▶ _Supplied material_
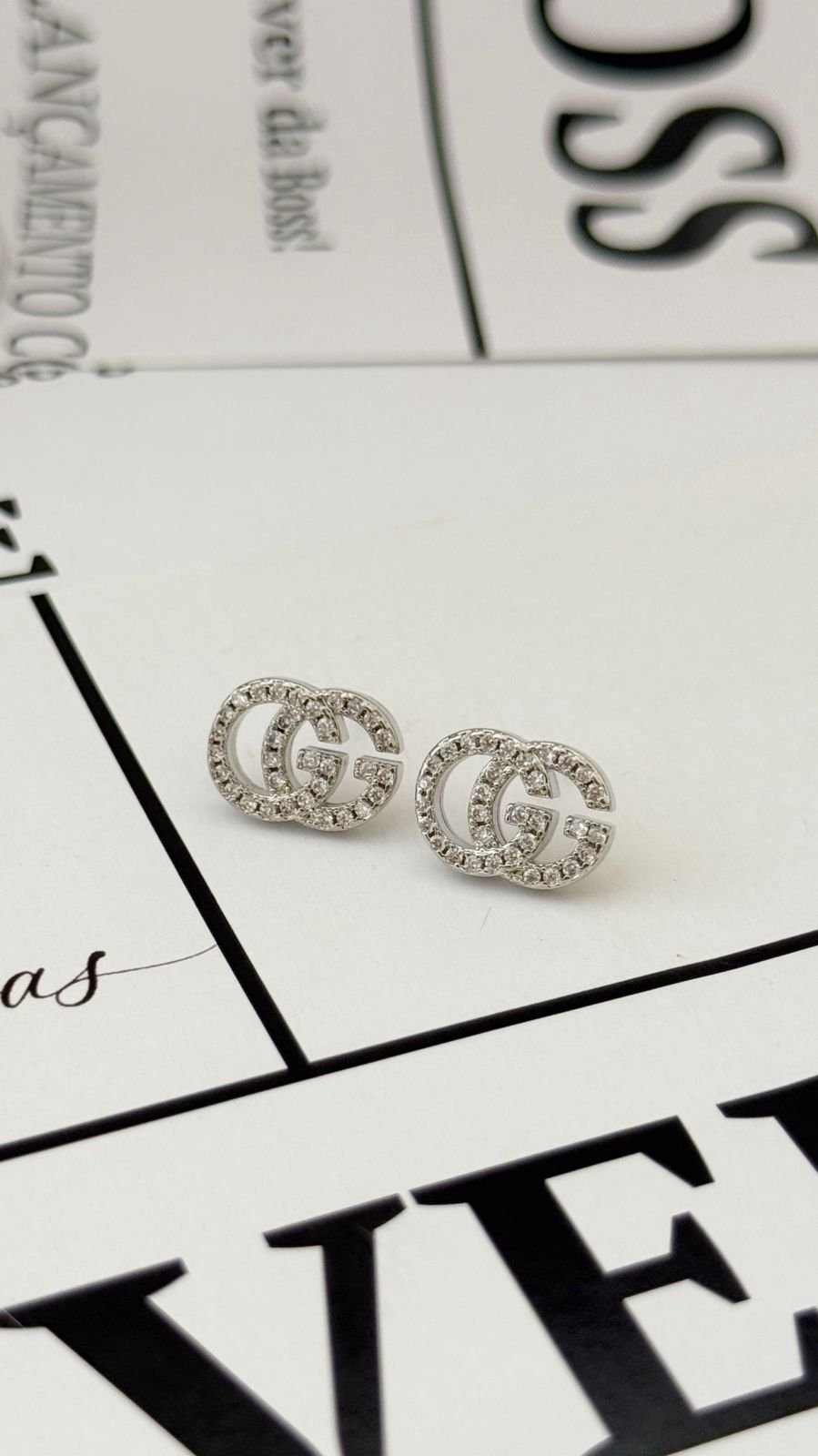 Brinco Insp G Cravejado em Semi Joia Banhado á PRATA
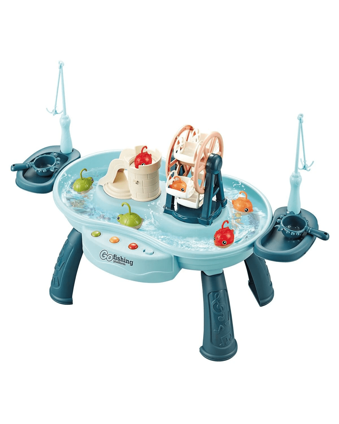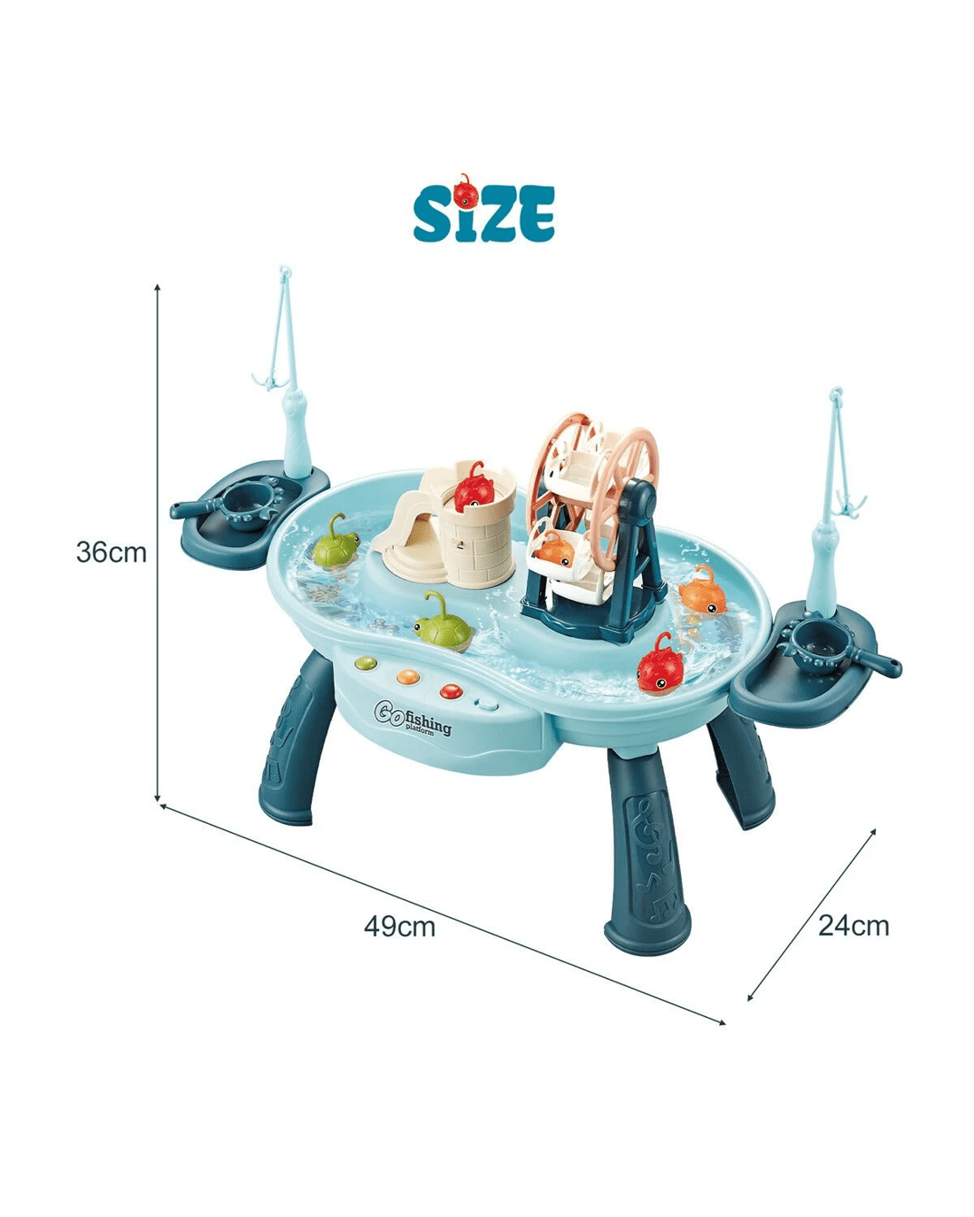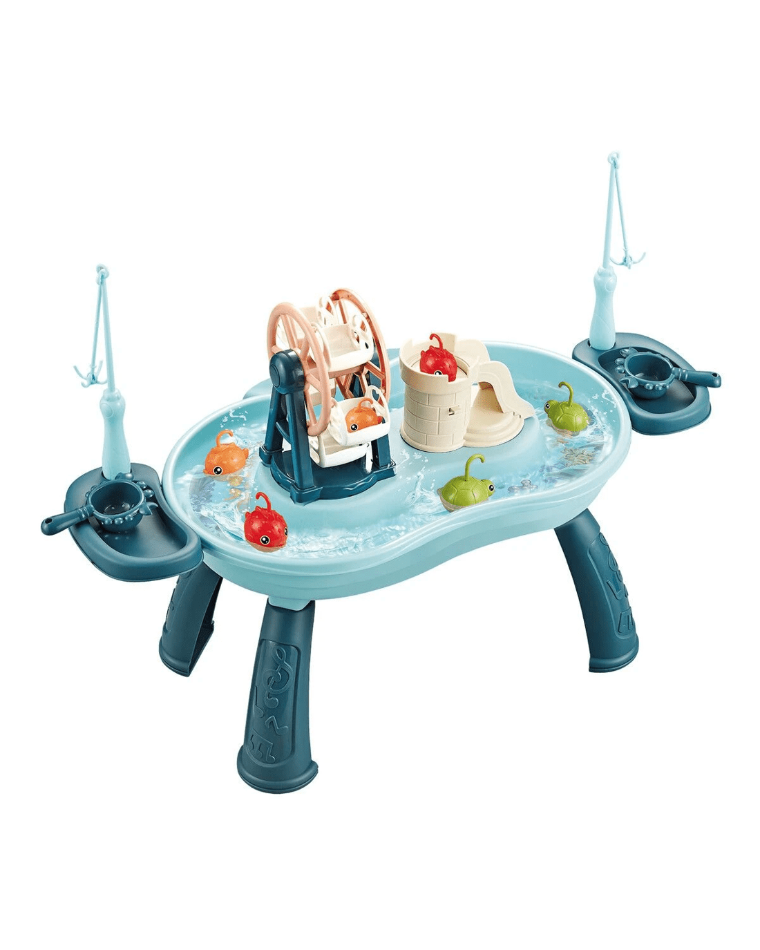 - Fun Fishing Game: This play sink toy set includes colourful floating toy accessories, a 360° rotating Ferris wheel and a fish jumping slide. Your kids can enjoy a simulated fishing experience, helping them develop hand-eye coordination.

==

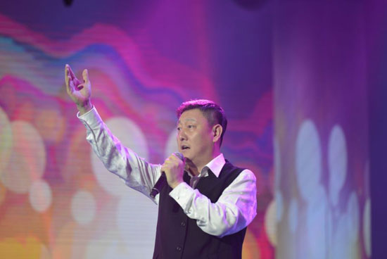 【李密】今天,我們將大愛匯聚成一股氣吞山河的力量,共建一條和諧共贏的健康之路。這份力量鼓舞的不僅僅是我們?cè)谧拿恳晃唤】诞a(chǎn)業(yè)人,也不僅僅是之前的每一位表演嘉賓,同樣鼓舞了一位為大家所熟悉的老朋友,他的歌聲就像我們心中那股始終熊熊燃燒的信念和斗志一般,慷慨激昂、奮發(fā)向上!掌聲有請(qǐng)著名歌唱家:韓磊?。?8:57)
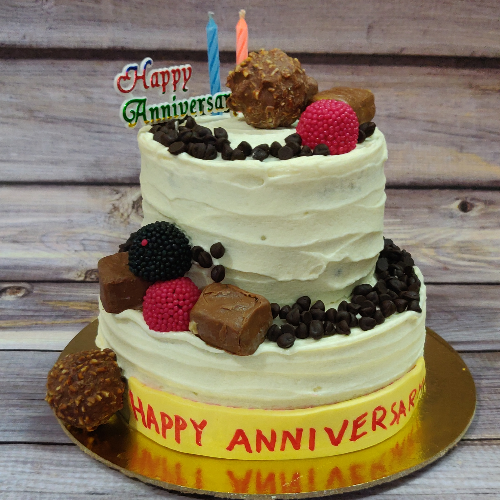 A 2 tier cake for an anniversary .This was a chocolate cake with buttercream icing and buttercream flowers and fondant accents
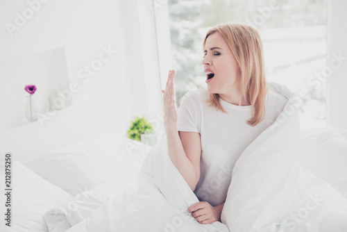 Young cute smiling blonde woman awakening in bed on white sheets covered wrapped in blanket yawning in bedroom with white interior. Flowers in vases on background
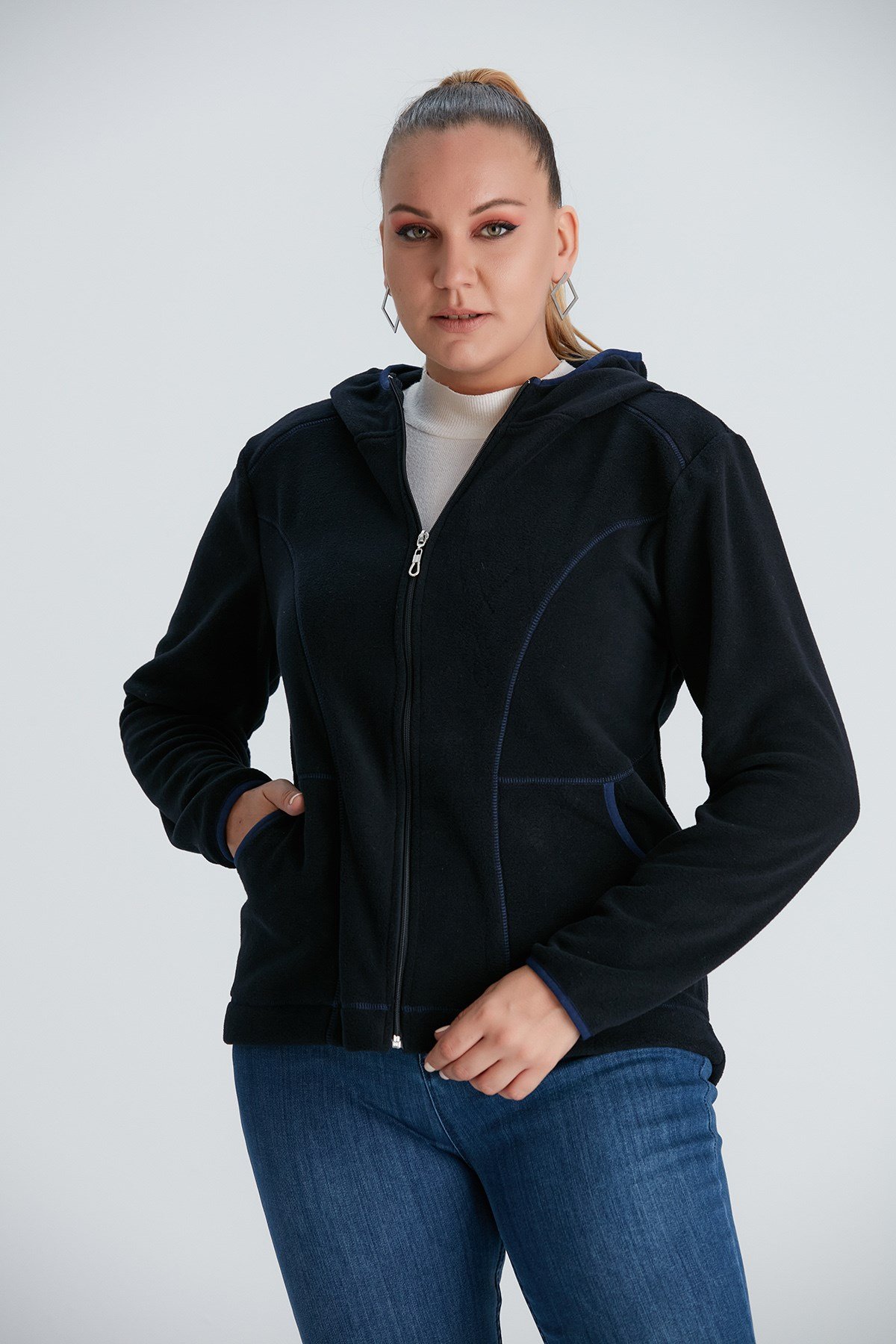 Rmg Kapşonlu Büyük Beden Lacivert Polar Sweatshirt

▶ _Task description_
In the data above, find the line containing "Young cute smiling" and the line containing "Rmg Kapşonlu Büyük". Repeat those two lines and everything between them exactly, minus the pictures.

▶ _Solved exercise_
 Young cute smiling blonde woman awakening in bed on white sheets covered wrapped in blanket yawning in bedroom with white interior. Flowers in vases on background
 Rmg Kapşonlu Büyük Beden Lacivert Polar Sweatshirt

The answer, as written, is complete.